== EXERCISE DESCRIPTION ==
Without the pictures, print the lines from the one holding "根据国家统计局数据显示:20" through the last line below, both included, exactly as they stand.

== SUPPLIED MATERIAL ==
-- -- --
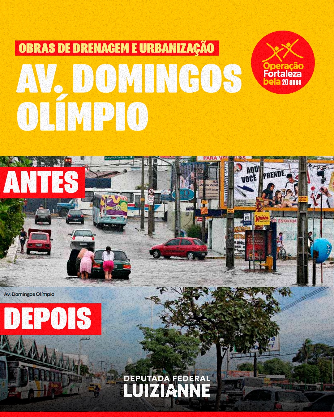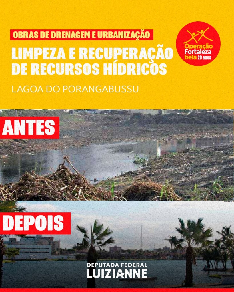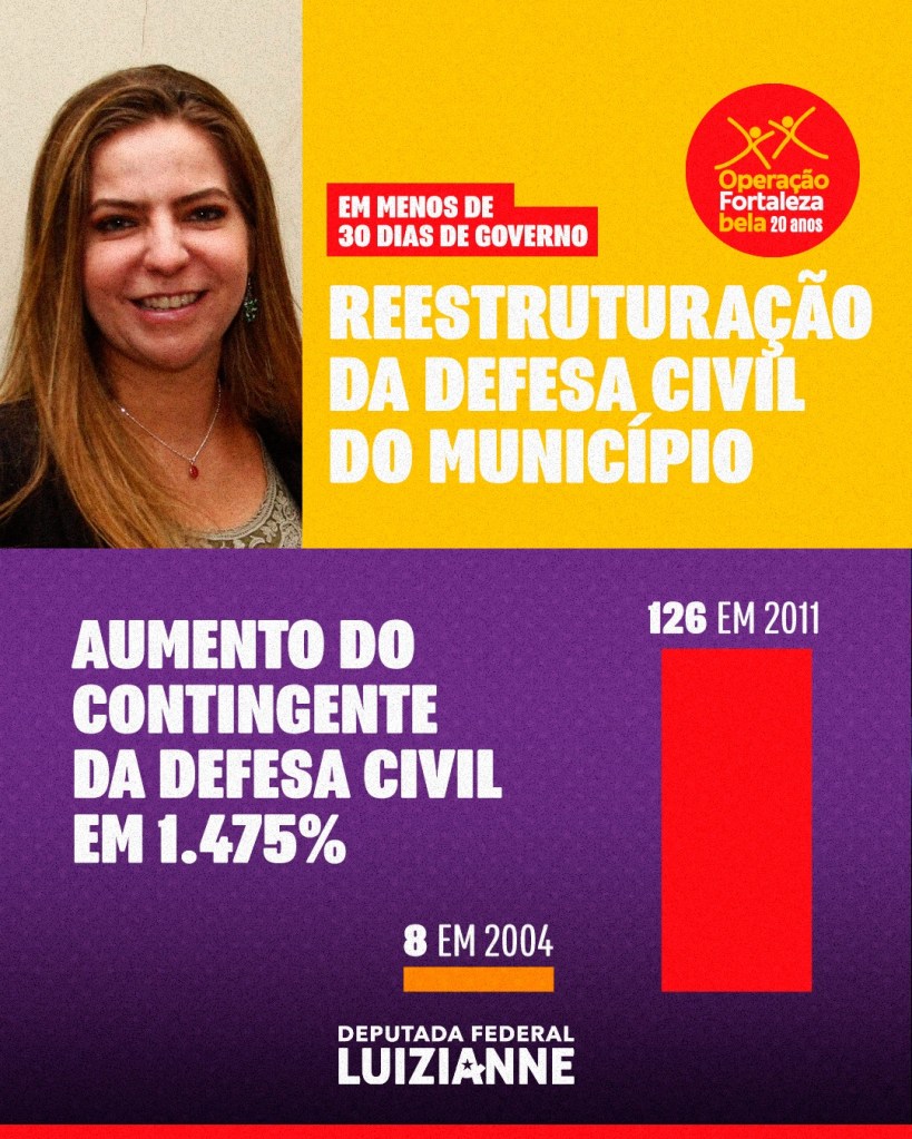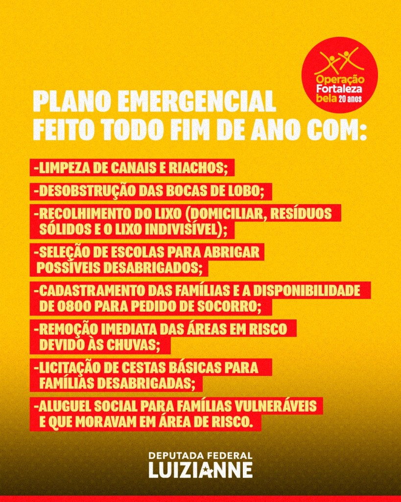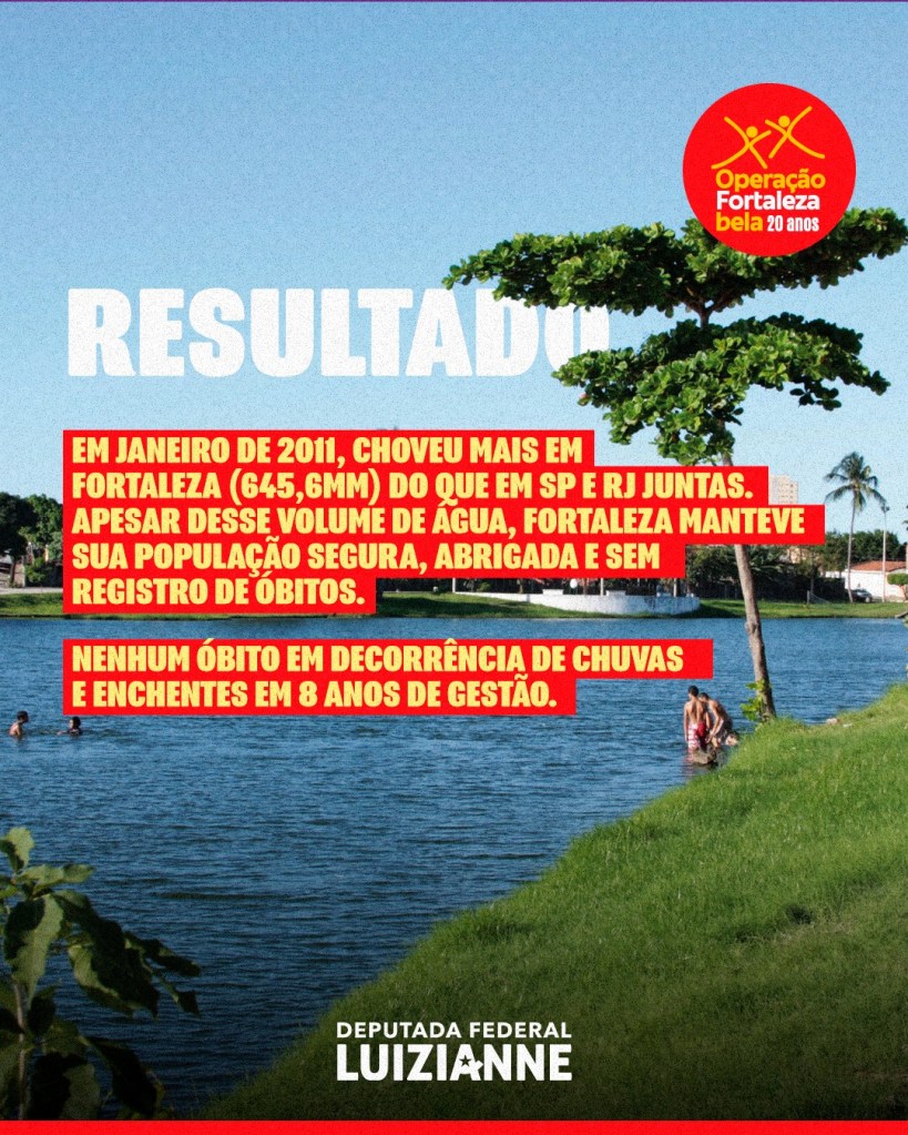 A deputada federal Luizianne Lins (PT/CE) fez divulgação em suas redes sociais da Internet em alusão aos 20 anos da Operação Fortaleza Bela, primeira iniciativa de Luizianne quando prefeita para melhorar a vida do povo da capital cearense. Quando assumiu a prefeitura, em 2005, Luizianne lançou a Operação Fortaleza Bela, em parceria com o Movimento Sem Terra (MST). A operação visava a mitigar os problemas socioambientais resultantes das moradias em áreas de risco durante o período chuvoso e, diante de sua eficácia, tornou-se uma ação continuada, virando marca do seu governo.
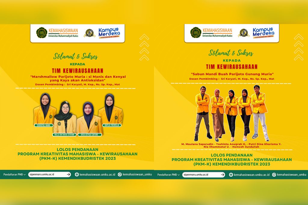 Kudus (19/6/23) Mahasiswa Universitas Muhammadiyah Kudus kembali mengukir prestasi. Dua tim mahasiswa dari Prodi S1 Keperawatan berhasil lolos Program Kreativitas Mahasiswa Kewirausahaan (PKM-K) Kemendikbud Ristek R1 program PKM tahun 2023. Tim pertama beranggotakan M Maulana Saparudin, Yashinta Anugrah H, Putri Dina Kharisma Y, Nia Ilhammatul, dan Hamzah Jundullah mengangkat tema “Sabun Mandi Buah Prijoto Gunung Muria”. Tim kedua beranggotakan Sidrotul Hana, Dilla Oktavia Stifani, Vika Asyila Safani, dan Gayla Fredella mengangkat tema “Marshmallo Parijoto Muria: si Manis dan Kenyal yang Kaya akan Antioksidan”.
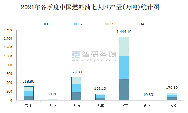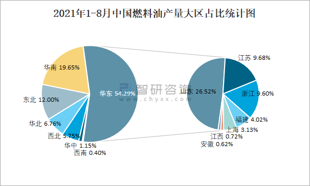 根据国家统计局数据显示:2021年各季度(第三季度目前暂只统计7月和8月数据)中国燃料油主要集中在华东、华南、东北地区生产;2021年1-8月中国燃料油产量大区分布不均衡,其中华东地区产量最高,特别是山东省贡献了最多产量;2021年1-8月中国燃料油各省市产量top1领先于其他前9名。
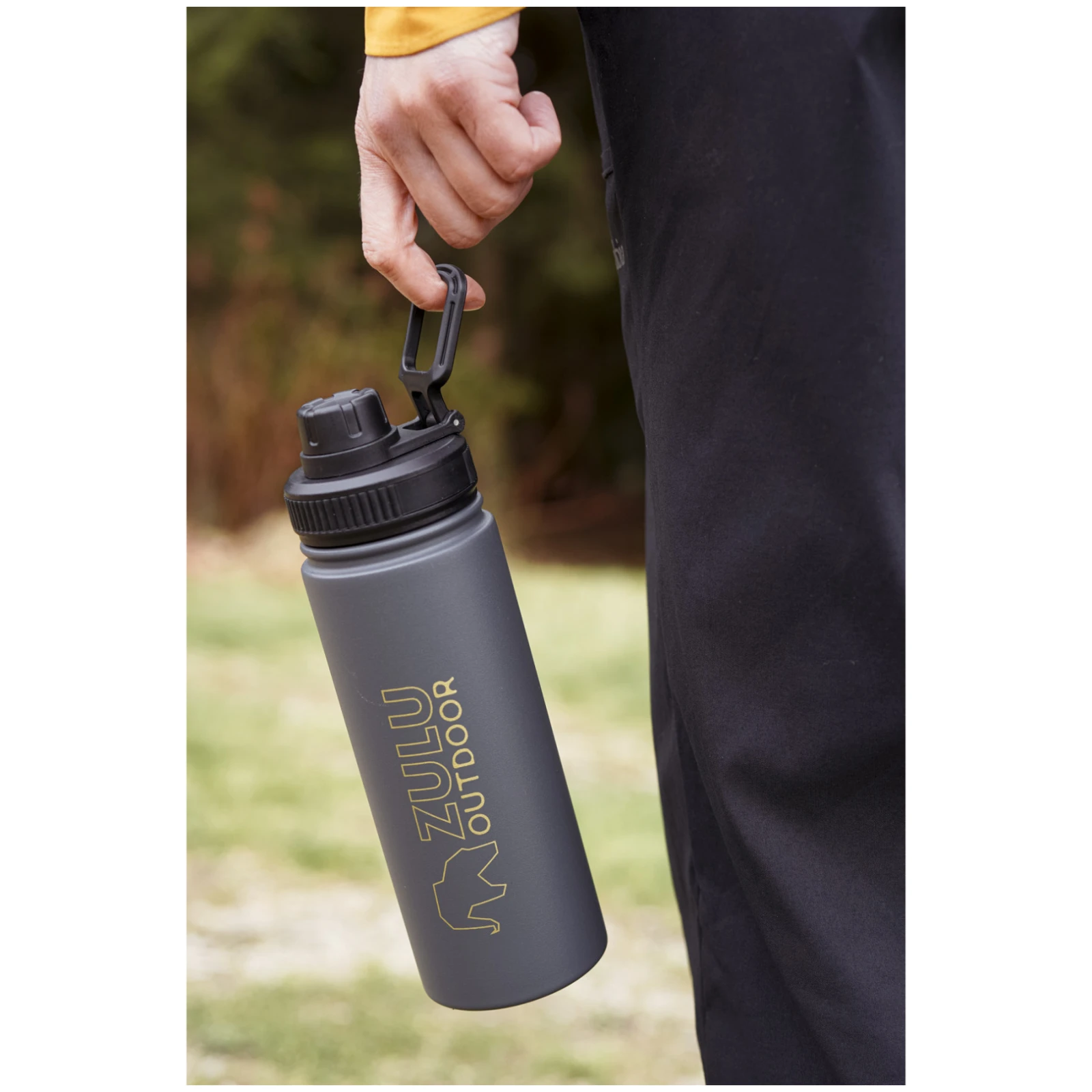 Mit der Vakuum- Thermoskanne Zulu Vacuum Sport 500 halten Sie Ihre Getränke kalt oder warm. Die wärmeisolierende Eigenschaft wird durch das Vakuum zwischen den beiden Schalen der Thermoskanne gewährleistet. Der Sportverschluss ermöglicht einfaches und schnelles Trinken unterwegs, beim Laufen oder Trekking. Der Hals ist breit genug, um Eiswürfel einzuwerfen oder eine Bürste zum Reinigen zu verwenden.
-- -- --
== RESPONSE TO THIS TASK ==
 根据国家统计局数据显示:2021年各季度(第三季度目前暂只统计7月和8月数据)中国燃料油主要集中在华东、华南、东北地区生产;2021年1-8月中国燃料油产量大区分布不均衡,其中华东地区产量最高,特别是山东省贡献了最多产量;2021年1-8月中国燃料油各省市产量top1领先于其他前9名。
 Mit der Vakuum- Thermoskanne Zulu Vacuum Sport 500 halten Sie Ihre Getränke kalt oder warm. Die wärmeisolierende Eigenschaft wird durch das Vakuum zwischen den beiden Schalen der Thermoskanne gewährleistet. Der Sportverschluss ermöglicht einfaches und schnelles Trinken unterwegs, beim Laufen oder Trekking. Der Hals ist breit genug, um Eiswürfel einzuwerfen oder eine Bürste zum Reinigen zu verwenden.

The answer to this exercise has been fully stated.